How to Calculate BMR and TDEE and Why You Should?

How to Calculate BMR and TDEE and Why You Should? By Zachary Weiner - July 21, 2022
How to Calculate BMR and TDEE and Why You Should

Calculating TDEE at home

Are you trying to lose weight? Have you heard about BMR and TDEE and want to know what they are? These are two important acronyms in the weight loss community, but not many people understand them. 

Get a quick start on your weight loss journey by calculating TDEE at home!

In this article, we'll go over what BMR and TDEE stand for, how to calculate them, why it's important to find out your total daily energy expenditure, and whether or not these calculations help you lose weight.

What is TDEE?

TDEE stands for Total Daily Energy Expenditure. It is the total amount of energy your body uses in a day, including the energy you burn while sleeping. This means that by knowing your BMR, you can calculate how much food/calories you need to maintain your weight and then add a certain number of calories to that number based on your activity level (i.e., if you exercise regularly).

Why is it important?

Calculating TDEE is an important tool for people who want to lose weight since it helps them determine their baseline calorie needs and what they should be eating so they can reach their goals faster and more easily.
There are many different factors that can affect TDEE including age, gender, genetics, and activity level as well as muscle mass vs fat mass. However, by using these two formulas above we believe this will give us good estimates at least within 5-10% accuracy.

How to Calculate TDEE?

To calculate your TDEE, you need to know your BMR and the number of calories you burn through exercise. Once you have these numbers, you can use this formula:
TDEE = BMR + (1500 * x)

Where x is the number of hours per day that you exercise.

What is BMR?

The Basal Metabolic Rate (BMR) is the amount of energy (calories) your body needs for basic functions such as breathing and digesting food. BMR can be calculated by taking into consideration your age, height, weight and gender. However, it's important to note that there are a lot of factors that affect your BMR such as:

Genetics: Some people naturally have faster metabolisms than others. A slow-burning metabolism is usually caused by an underactive thyroid gland or other similar conditions; while a fast-burning metabolism may be due to high activity levels or low body fat percentage.

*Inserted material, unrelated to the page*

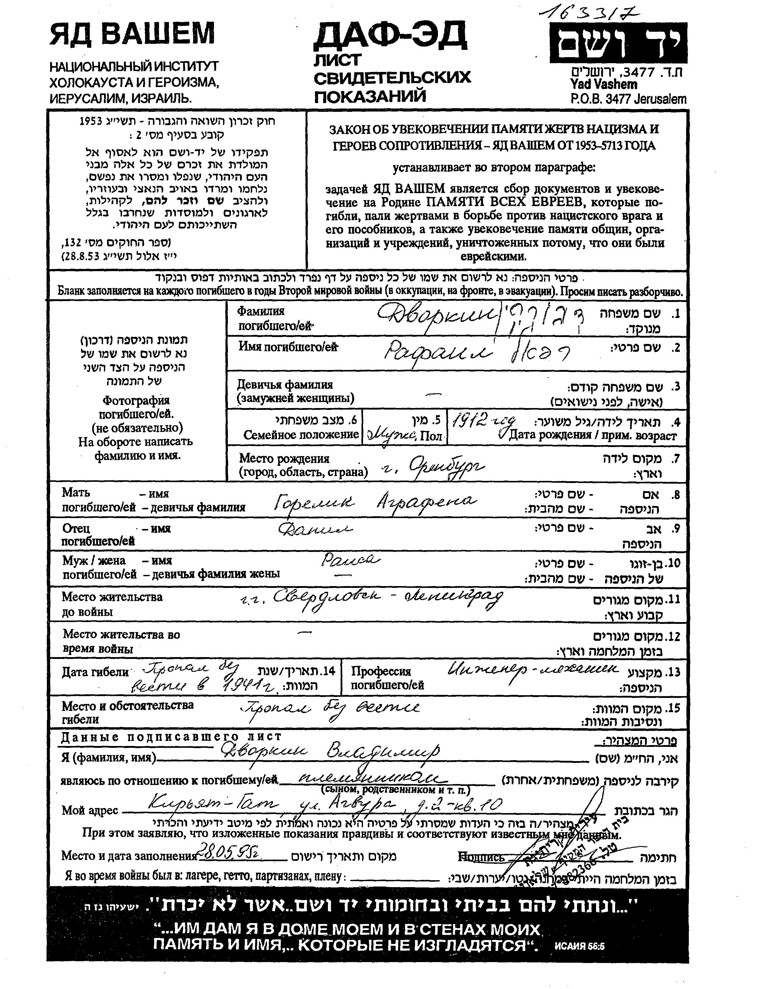 Rafael Dvorkin wurde im Jahr 1912 in Orenburg, Russland (UdSSR) geboren. Er war der Sohn von Daniel und Agrafena, geb. Gorelik. Er war Ingenieur und mit Raisa Verheiratet. Vor dem Zweiten Weltkrieg lebte er in Leningrad, Russland (UdSSR). Während des Krieges war er in die Sowjetischen Streitkräfte.
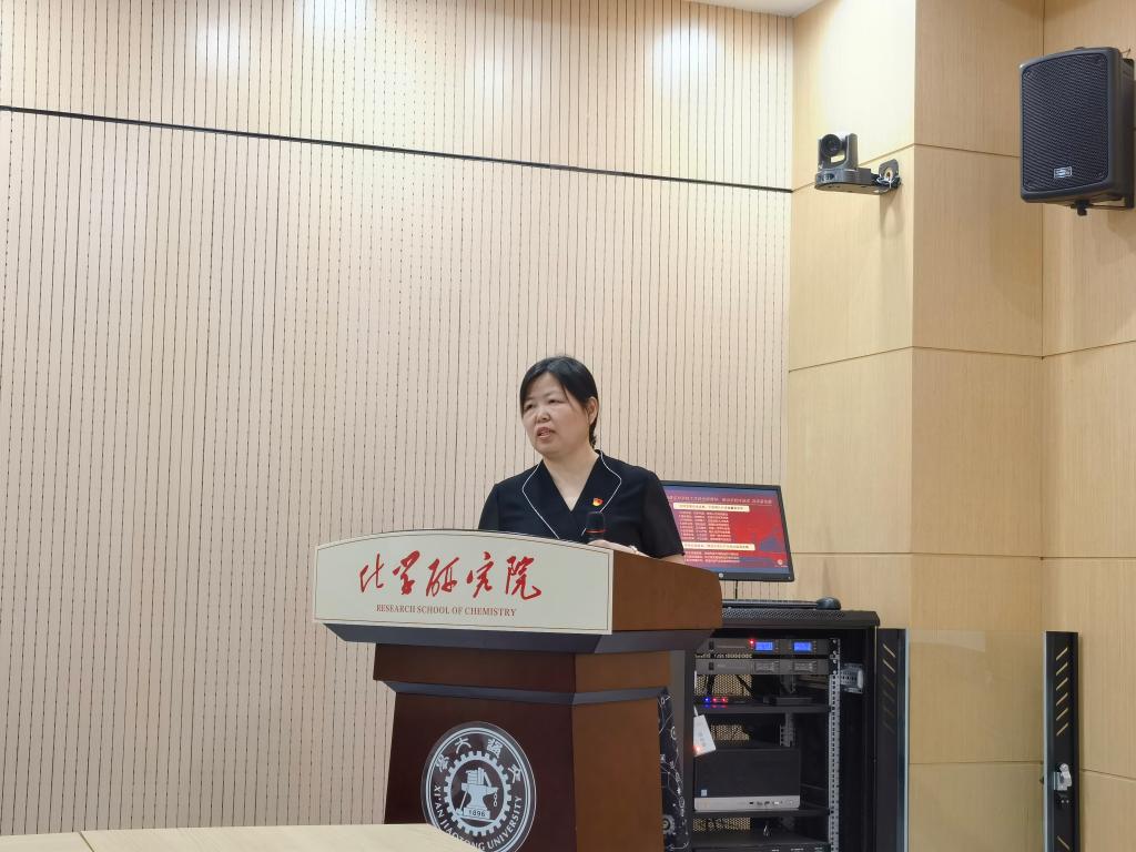 活动最后,由必赢唯一官方网站分子所梁军艳老师做主题分享,梁老师将必赢唯一官方网站“化合自然,学微知彰”的精神内核与《中共西安交通大学第十三次代表大会报告》的会议精神有机结合起来。梁军艳老师以“什么是化学”为切入点,生动诠释了化学学科特点;结合必赢唯一官方网站发展历史沿革,有序介绍了学院发展现状与学科布局;提出了目前化学学科发展面临的问题与挑战及对于学科发展的思考。她指出化学学科理应面向世界科技前沿,开展挑战导向型研究;面向经济主战场,开展质量导向型研究;面向人民生命健康,开展使命导向型研究;面向国家重大需求,开展任务导向型研究。最后,梁军艳老师将化学发展与哲学有机结合起来,对化学发展进行了哲学定位,鼓励我们为了学科发展贡献出自己的一份力量!

Body Type: This refers to how much muscle you have compared with fat in your body — the more muscle you have on top of bones/fat tissue = higher BMR because lean tissue requires more energy than fat tissue per pound! So if someone trains hard then their bodies will adapt accordingly resulting in higher daily expenditure which would result in higher daily calorie intake requirements too...

How to calculate BMR?

BMR is the number of calories you burn in a day at rest. It’s calculated by the Harris-Benedict equation, which takes into account your age, height, weight, and gender. Your BMR will be different from someone who weighs 25 pounds more than you or someone who is 10 years older than you—so keep that in mind while using this formula!

The Harris-Benedict equation is:

Predictor Value x 4.184 + (6.755 x WKG) + (11.397 x HM) - 697 = Resting Metabolic Rate in kcal/day

Why is it important to calculate BMR and TDEE?

Calculating your BMR and TDEE helps you determine how many calories you need to eat to lose weight, maintain your current weight or gain weight. 

While most people know that eating less than their BMR means they'll lose weight, it's important to understand how many calories you burn a day before deciding what kind of diet you want to follow.
And once you've determined the right amount of calories for your goals, calculating BMR is also useful because it gives you an idea of how much more exercise (or less) might be necessary. If your goal is to lose fat and get in shape while maintaining muscle mass, then working out with weights will help achieve these goals better than running alone would.

But doing too much cardio exercise can cause muscle loss—the opposite effect we're looking for! So if someone wants to tone up without losing muscle mass firstly by calculating their TDEE then secondly adjust accordingly by adding in resistance training exercises such as lifting weights or kettlebells etcetera into their weekly routine

Do these calculations help lose weight?

Yes, it does help you lose weight. With the information provided by your BMR and TDEE, you can know how many calories you have to eat every day in order to lose or maintain your weight. You can also determine the number of calories you should eat per day to burn fat and build muscles.

By using these calculations, you are able to reach your goals faster than before because they give you a clear picture of what type of diet plan is right for your body type and activity level.


BMR and TDEE are important concepts to know regarding your health. They can help you determine if you need to eat more or less food in order to reach a goal weight. Knowing your BMR and TDEE will also help you set realistic goals like losing five pounds in one month rather than trying for ten pounds because those numbers are just too high of an expectation for most people. Just remember that it takes time and effort, but with these calculations, you'll be well on your way to a healthier lifestyle!